Instructions for the task:
For the data that follows, report how many lines include the string "with", and write the number alone.

Extracted data:
———
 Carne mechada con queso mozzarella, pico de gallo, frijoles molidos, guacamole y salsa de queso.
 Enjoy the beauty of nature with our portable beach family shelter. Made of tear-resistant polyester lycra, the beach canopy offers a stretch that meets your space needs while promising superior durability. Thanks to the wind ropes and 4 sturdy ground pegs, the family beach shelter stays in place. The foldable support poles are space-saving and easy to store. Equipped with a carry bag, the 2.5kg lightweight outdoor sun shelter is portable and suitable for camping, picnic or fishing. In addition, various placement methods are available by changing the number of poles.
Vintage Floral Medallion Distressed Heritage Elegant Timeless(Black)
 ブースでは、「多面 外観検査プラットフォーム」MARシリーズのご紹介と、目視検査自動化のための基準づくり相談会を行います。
———
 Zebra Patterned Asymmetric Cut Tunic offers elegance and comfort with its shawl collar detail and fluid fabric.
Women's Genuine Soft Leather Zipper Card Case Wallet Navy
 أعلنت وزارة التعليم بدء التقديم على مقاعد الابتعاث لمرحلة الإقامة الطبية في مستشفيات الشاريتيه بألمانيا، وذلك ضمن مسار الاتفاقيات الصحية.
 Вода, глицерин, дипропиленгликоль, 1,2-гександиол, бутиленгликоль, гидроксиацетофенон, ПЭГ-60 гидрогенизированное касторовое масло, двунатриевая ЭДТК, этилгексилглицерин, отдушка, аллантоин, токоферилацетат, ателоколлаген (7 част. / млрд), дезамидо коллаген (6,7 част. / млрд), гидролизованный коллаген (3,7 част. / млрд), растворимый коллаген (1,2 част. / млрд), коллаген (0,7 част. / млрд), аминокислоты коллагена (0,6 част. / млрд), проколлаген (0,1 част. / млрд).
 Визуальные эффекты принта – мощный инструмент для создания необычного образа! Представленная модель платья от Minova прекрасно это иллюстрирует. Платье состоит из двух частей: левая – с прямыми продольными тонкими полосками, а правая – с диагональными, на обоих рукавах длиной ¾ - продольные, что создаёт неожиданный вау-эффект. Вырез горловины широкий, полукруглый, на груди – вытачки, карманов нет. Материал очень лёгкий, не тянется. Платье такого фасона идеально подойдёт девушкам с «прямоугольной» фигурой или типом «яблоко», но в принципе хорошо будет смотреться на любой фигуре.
———
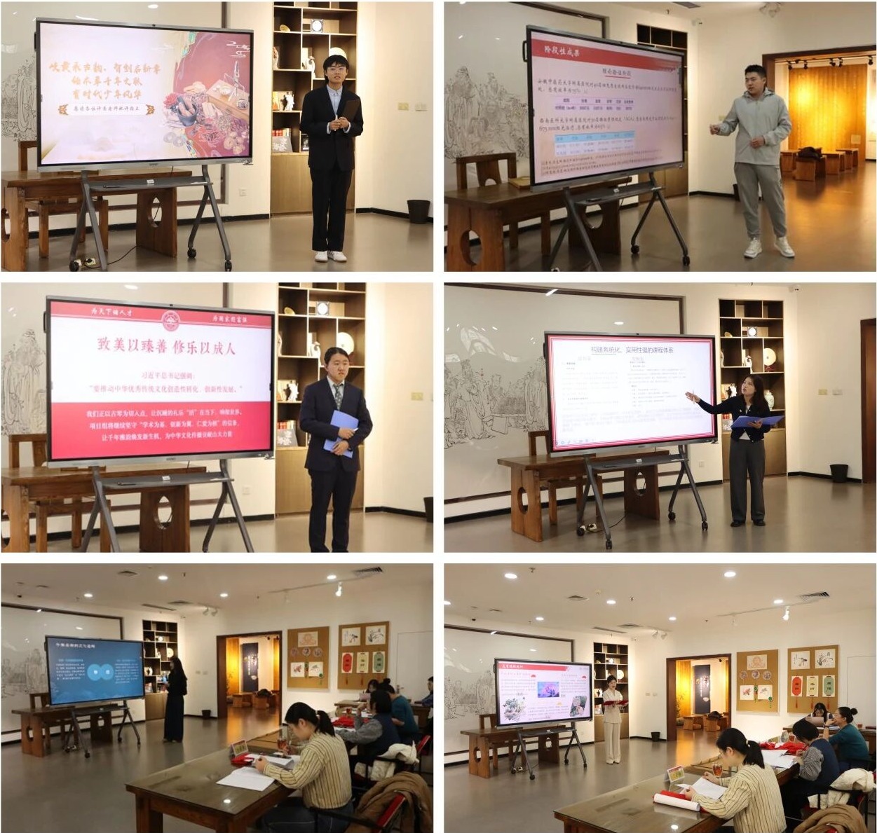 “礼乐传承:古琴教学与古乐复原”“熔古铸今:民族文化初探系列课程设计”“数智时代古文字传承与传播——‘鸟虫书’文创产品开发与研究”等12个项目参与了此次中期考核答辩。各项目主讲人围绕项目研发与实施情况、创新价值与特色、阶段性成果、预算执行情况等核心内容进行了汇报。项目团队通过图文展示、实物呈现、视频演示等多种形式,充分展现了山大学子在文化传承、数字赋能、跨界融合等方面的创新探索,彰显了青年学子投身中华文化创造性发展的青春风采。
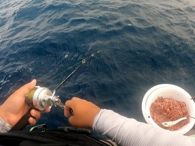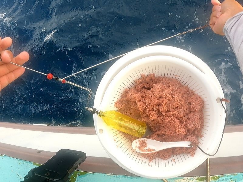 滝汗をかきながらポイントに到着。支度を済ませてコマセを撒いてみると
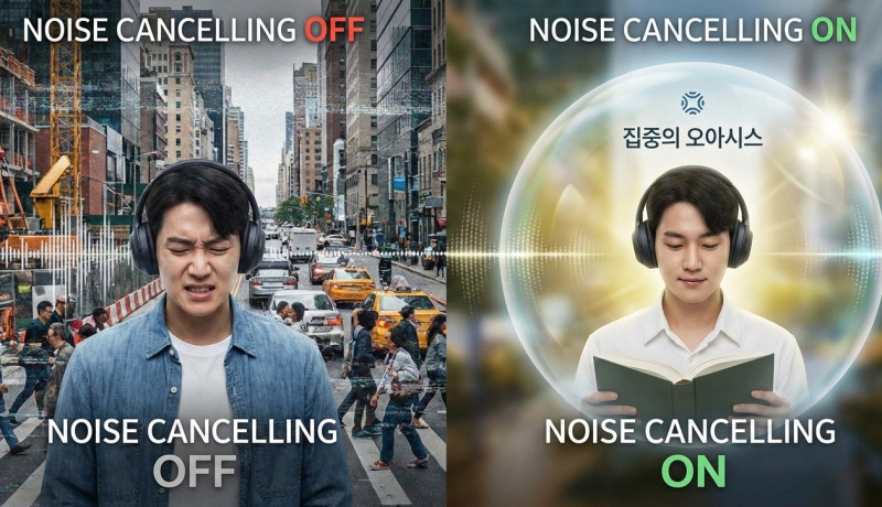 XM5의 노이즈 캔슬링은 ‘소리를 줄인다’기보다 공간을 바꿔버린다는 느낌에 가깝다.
———
Output for this exercise:
2